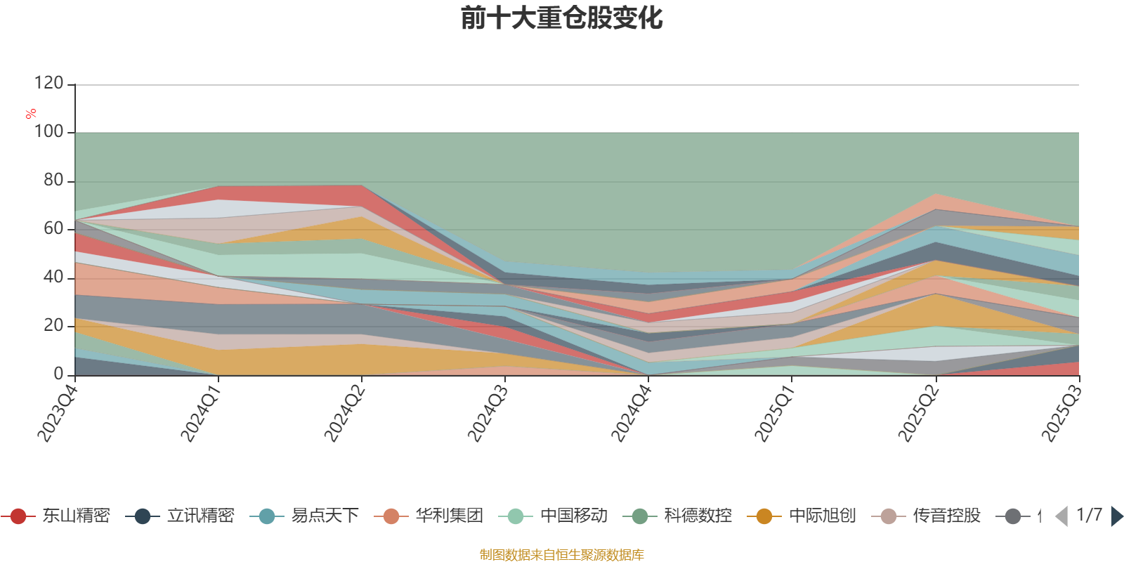 截至2025年三季度末,基金十大重仓股分别是恒瑞医药、药明康德、立讯精密、宁德时代、沪电股份、徐工机械、工业富联、东山精密、德科立、恺英网络。
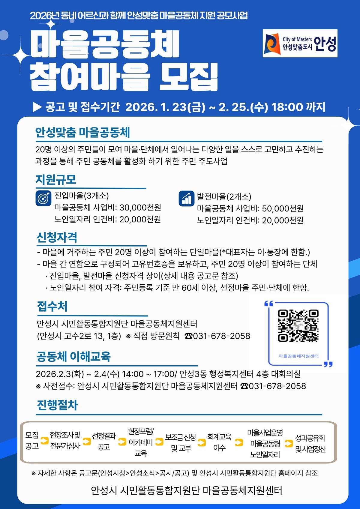 이번 공모는 ‘2026년 동네 어르신과 함께하는 안성맞춤 마을공동체 지원’과 ‘2026년 안성맞춤 시민동아리 지원’등 2개 분야로 진행된다.
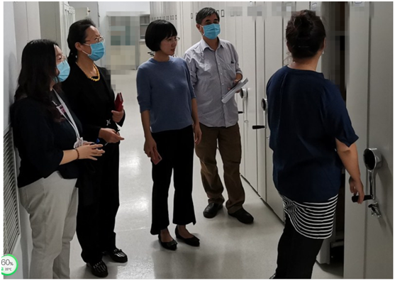 9月24日、30日,党委办公室主任兼院办公室张琳、行政第一党支部书记兼院办公室副主任刘旭、院办公室副主任朱丽丽与院办公室安全员樊啸、安帅芸和负责会议管理工作的赵博琛等一同检查医院档案库房和忠诚楼会议室,开展国庆、中秋节前安全检查工作,确认安全情况下张贴封条。
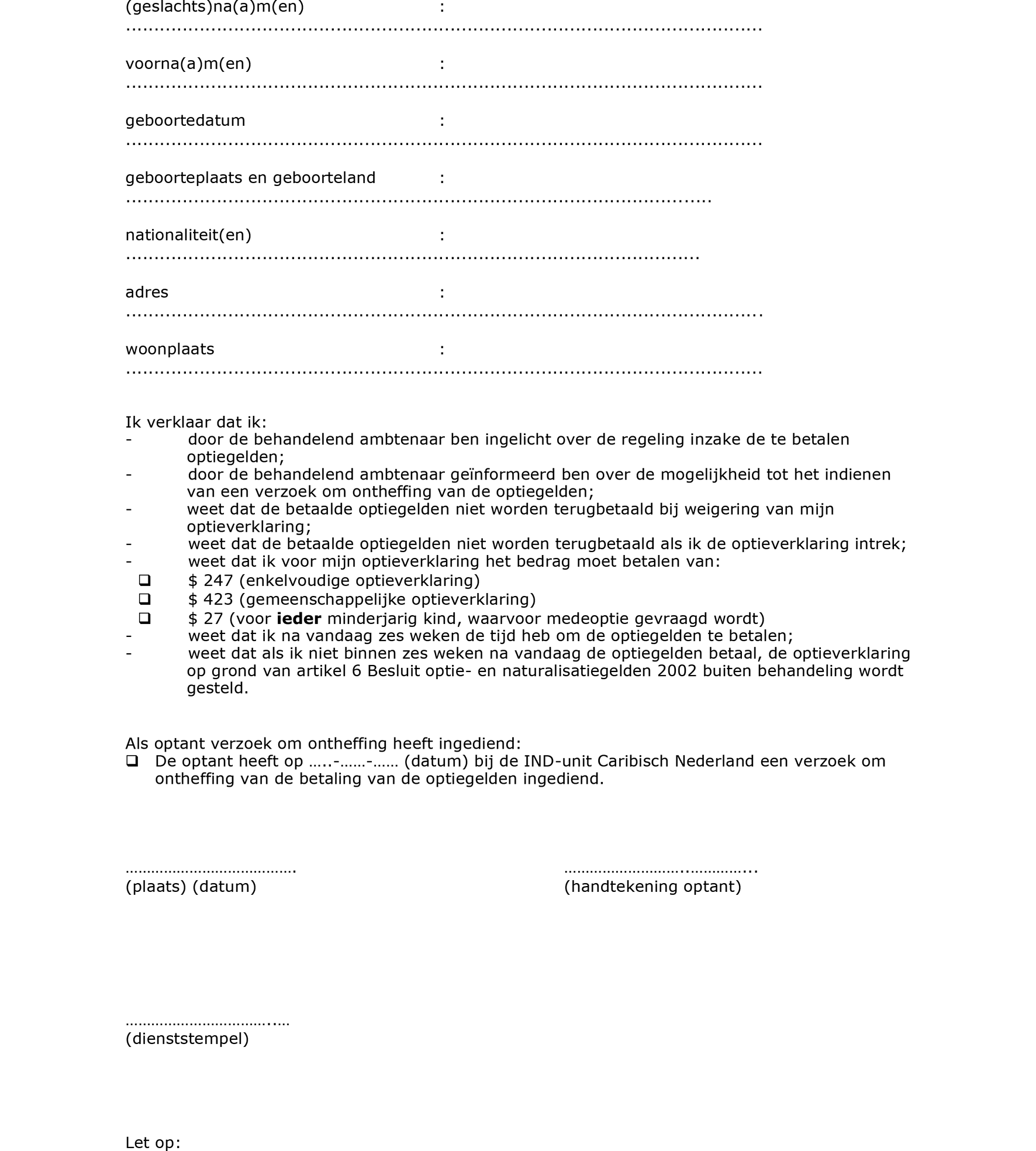 Gelet op de Rijkswet op het Nederlanderschap, het Besluit verkrijging en verlies Nederlanderschap, het Besluit optie- en naturalisatiegelden 2002, de Regeling verkrijging en verlies Nederlanderschap;
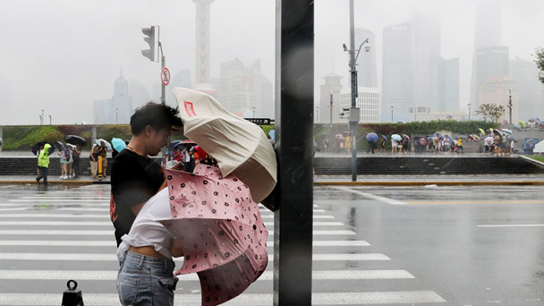 當(dāng)日,今年第18號臺風(fēng)“溫比亞”在上海浦東新區(qū)南部沿海登陸。新華社記者 方喆 攝 8月17日,在上海外灘,一名小朋友的雨傘在大風(fēng)中被吹變形。
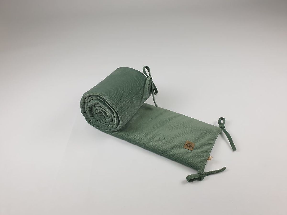 Un tour de lit protecteur élégant en velours lisse, qui assure le confort et la sécurité de votre bébé. Il se fixe facilement aux barreaux et reste fermement en place.
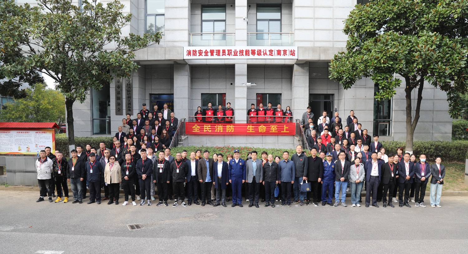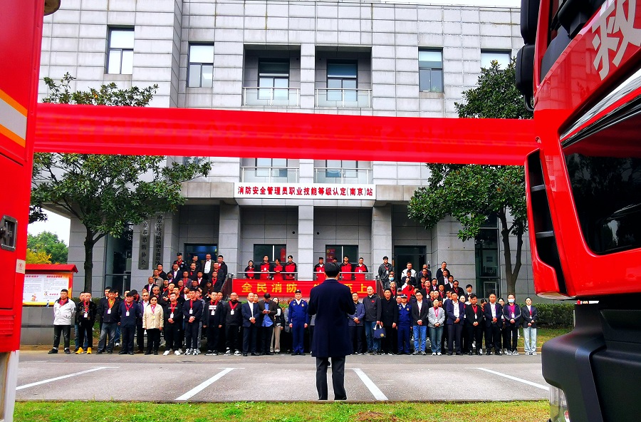 为了大力普及消防安全知识,着力提升物业管理人员的消防安全素质,夯实火灾防控基础,维护消防安全形势稳定。11月13日,由南京市住房保障和房产局、南京市江宁区消防救援大队指导,南京市消防协会、南京市物业管理行业协会主办,南京守快消防培训有限公司承办的以“全民消防,生命至上”为主题的119消防日安全宣传暨应急演练活动,在消防安全管理员职业技能等级认定(江苏南京)站举办。
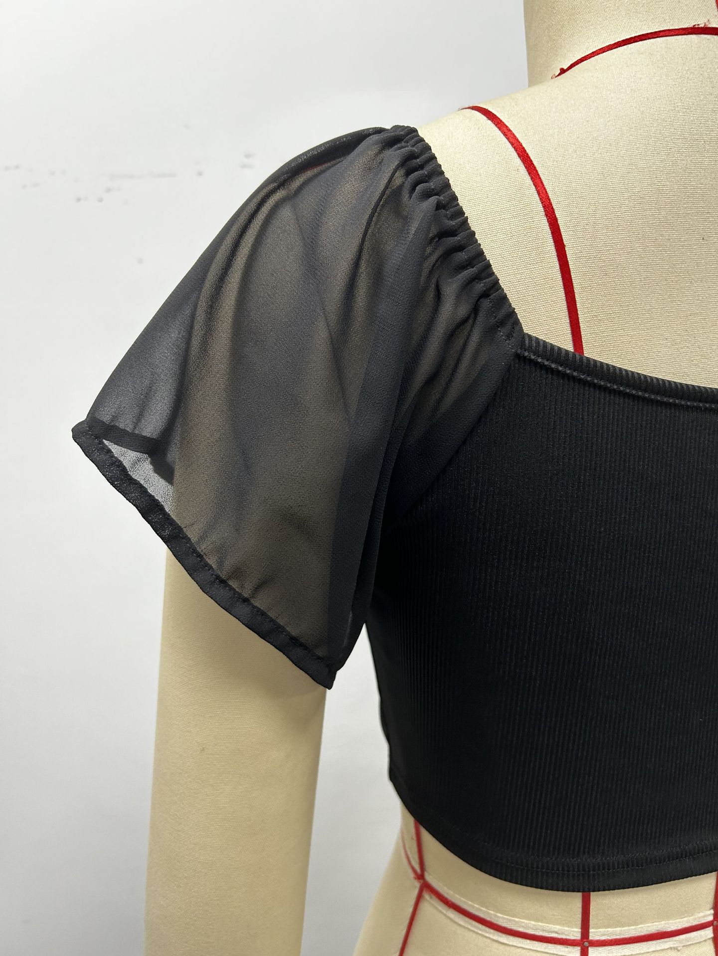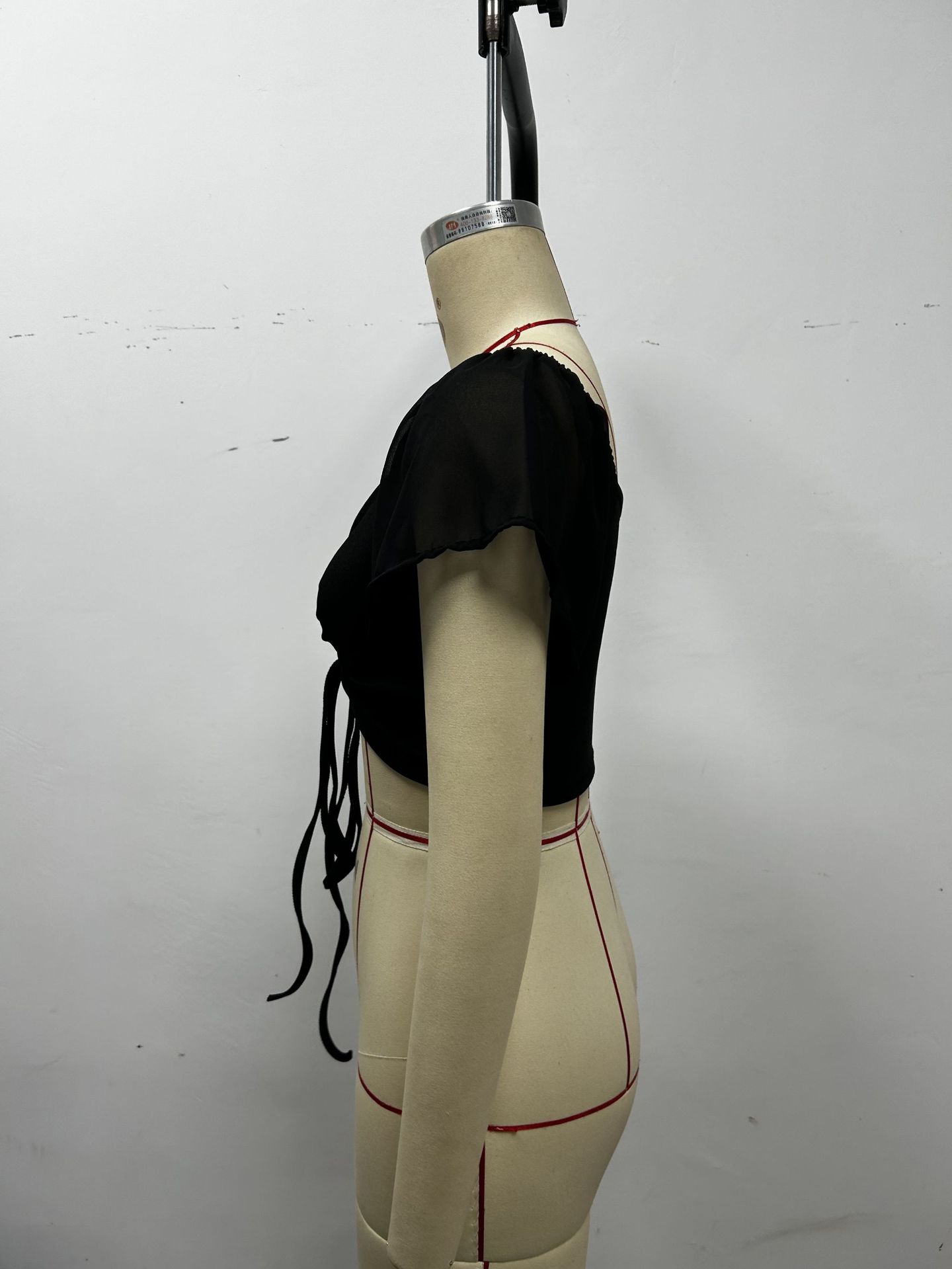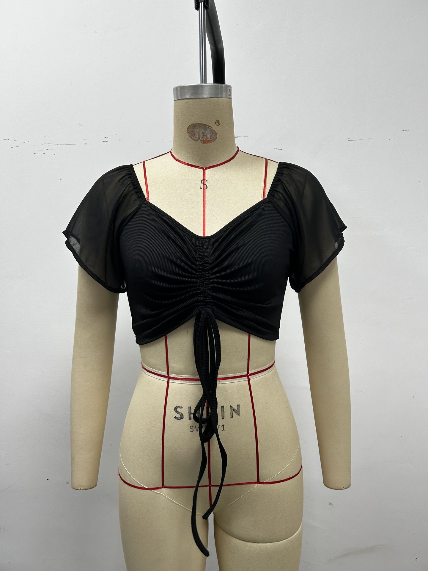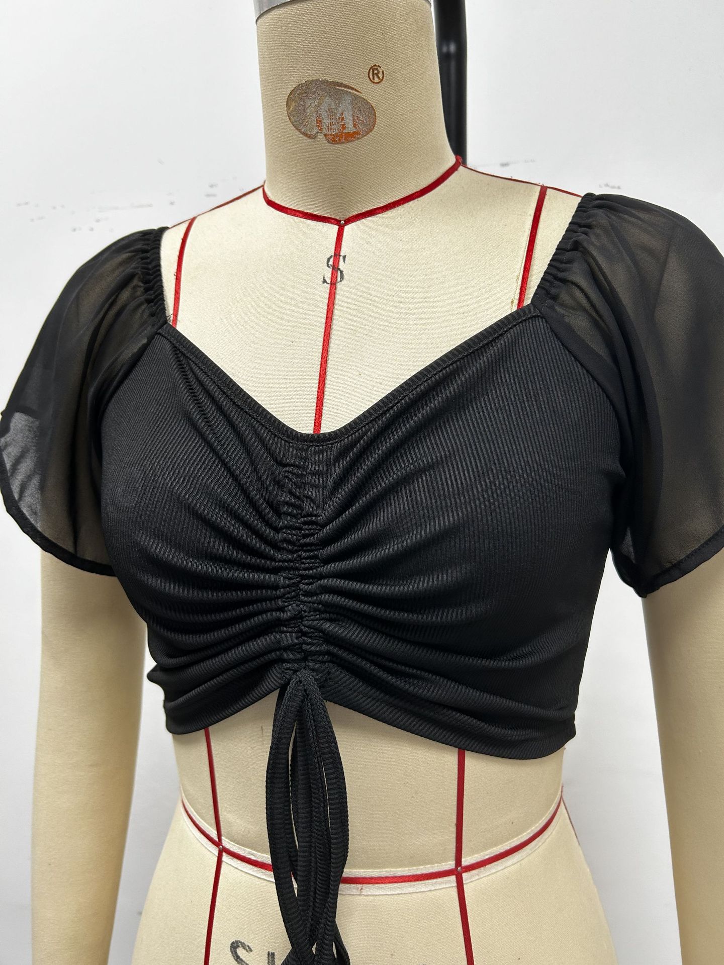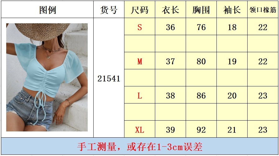 여름 새로운 AliExpress 국경 기질 반팔 쉬폰 탑 로우 컷 섹시 드로우 스트링 스트랩 슬림베이스 셔츠
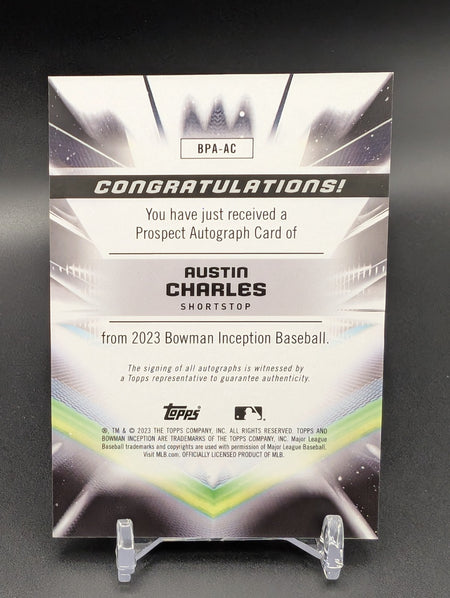 2023 Bowman Inception Austin Charles #92 AUTO GOLD /50
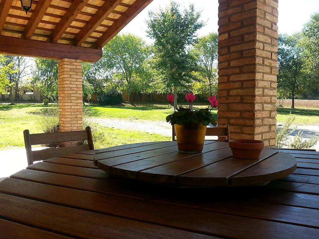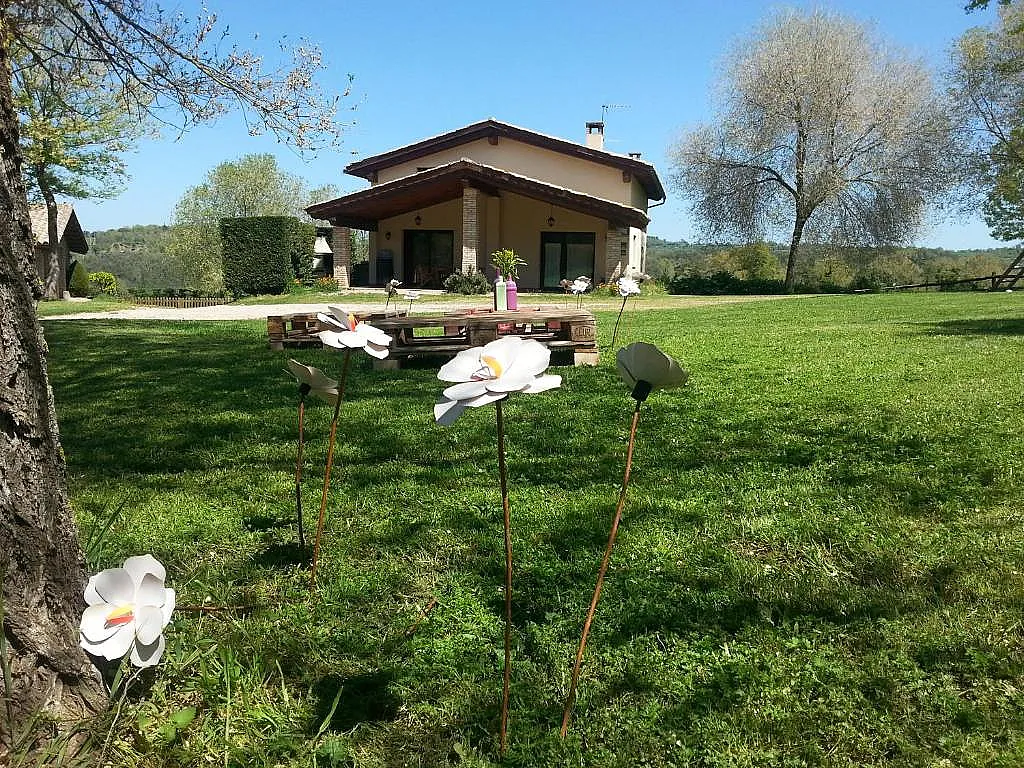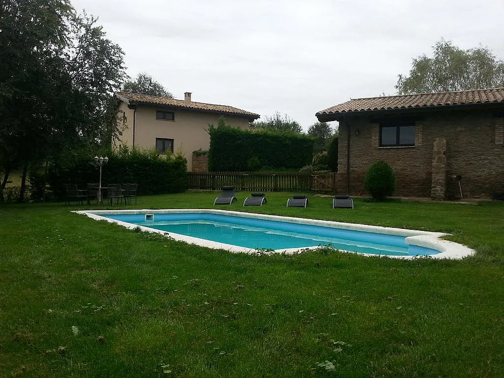 En el exterior, la casa ofrece una gran zona verde donde los huéspedes pueden relajarse y disfrutar de la inmensidad del paisaje. Además, cuenta con una piscina para los días más calurosos y una barbacoa en un delicioso porche con muebles de jardín, desde donde se pueden contemplar excelentes vistas de los Pirineos. Este entorno es ideal para disfrutar de parrilladas al aire libre y pasar tiempo de calidad con familiares y amigos.

WORK REQUIRED: No picture is to be printed. Output exactly the lines above from the line containing "이번 공모는 ‘2026년" through the line containing "9月24日、30日,党委办公".

WRITTEN SOLUTION:
 이번 공모는 ‘2026년 동네 어르신과 함께하는 안성맞춤 마을공동체 지원’과 ‘2026년 안성맞춤 시민동아리 지원’등 2개 분야로 진행된다.
 9月24日、30日,党委办公室主任兼院办公室张琳、行政第一党支部书记兼院办公室副主任刘旭、院办公室副主任朱丽丽与院办公室安全员樊啸、安帅芸和负责会议管理工作的赵博琛等一同检查医院档案库房和忠诚楼会议室,开展国庆、中秋节前安全检查工作,确认安全情况下张贴封条。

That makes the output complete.